By integrating health care providers and policy-makers, the UPTAKE study represents a novel model in global health innovation. UPTAKE will impact health policy, healthcare services, and social behaviors through robust evidence that supports policy-influencing strategies to promote adoption and institutionalization of biomedical health products. Furthermore, UPTAKE will contribute to strengthened capacity for implementing socio-behavioral interventions and formative research in sub-Saharan Africa.
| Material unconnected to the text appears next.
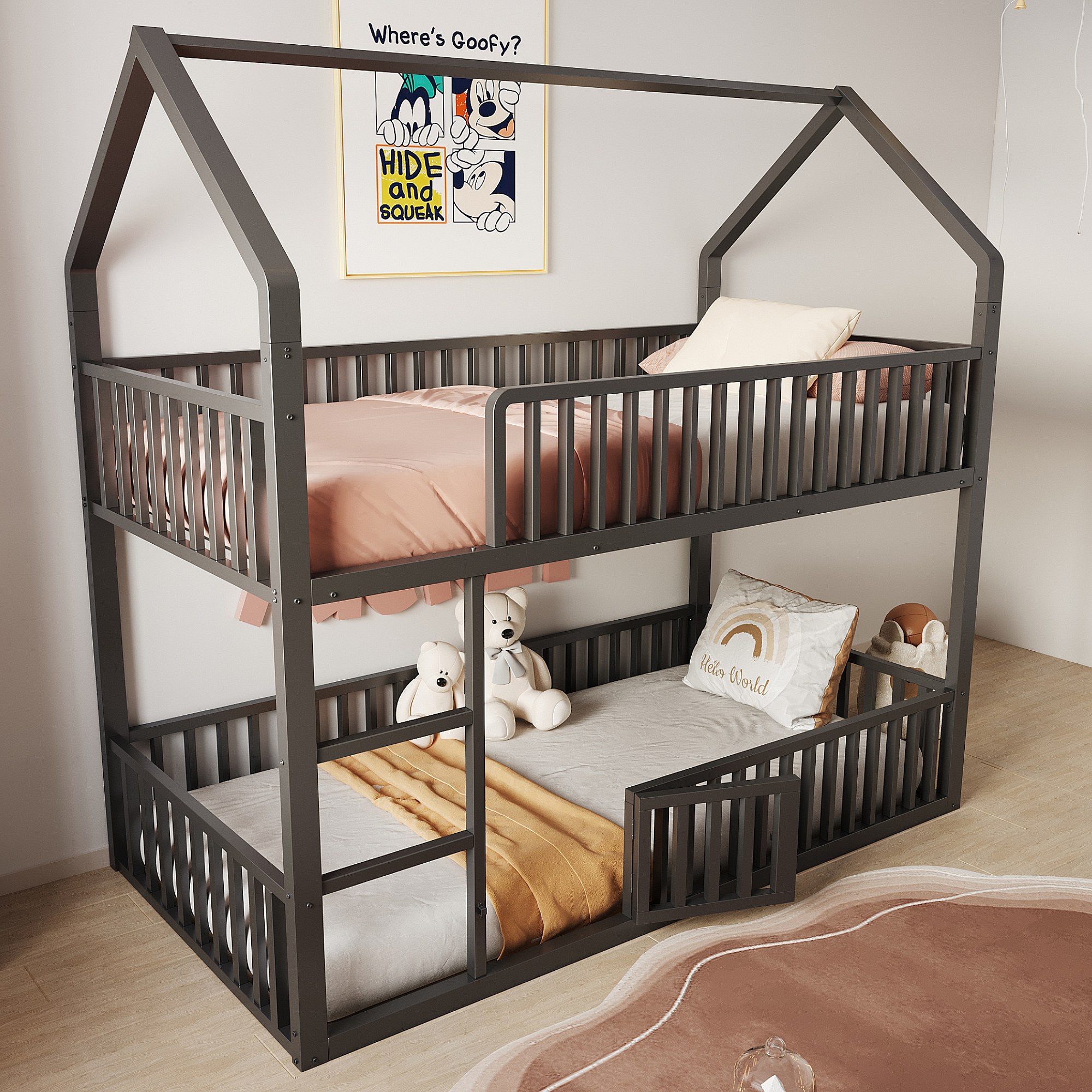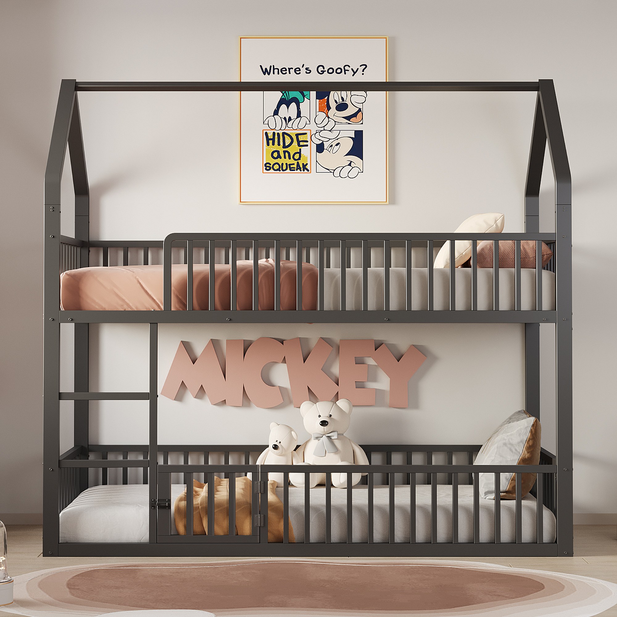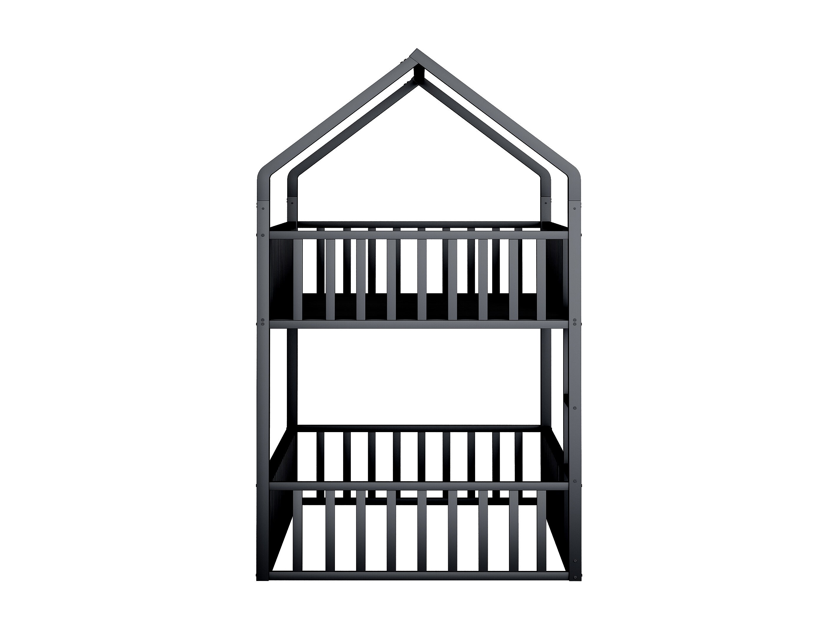 Lit superposé cabane enfant noir 90x200cm avec échelle, structure en métal, sans matelas

The UPTAKE consortium is a multidisciplinary group of leading experts in socio-behavioral research, health economics, and HIV prevention research. UPTAKE utilizes behavioral research approaches with behaviourally vulnerable AGYW and FSWs, health care providers (HCPs), and policy makers (PMs).

This multi-staged study will determine and test behavioral factors that facilitate adoption and use of future LA-PrEP alone or in combination with marketed LA contraceptives in Kenya and Uganda. Researchers will also assess the cost-effectiveness of these interventions using a health economics model developed collaboratively between the Busara Center for Behavioural Economics and the London School of Hygiene and Tropical Medicine (LSTHM).



Understand the factors that promote or prevent the adoption and continued use of future injectable and implantable products for HIV prevention including long-acting pre-exposure prophylaxis (LA-PrEP) and products designed to address more than one sexual reproductive health concern simultaneously (multipurpose prevention technologies).

To measure the level to which LA-PrEP is preferred and how this preference may vary across different users.


Design interventions and test their impact on promoting continued use of long-acting marketed contraceptive products among AGYW as well as FSWs. These would serve as models for adherence to LA-PrEP.


Estimate cost and cost-effectiveness of LA-PrEP products and interventions that could be provided as part of a suite of self-care sexual and reproductive health products.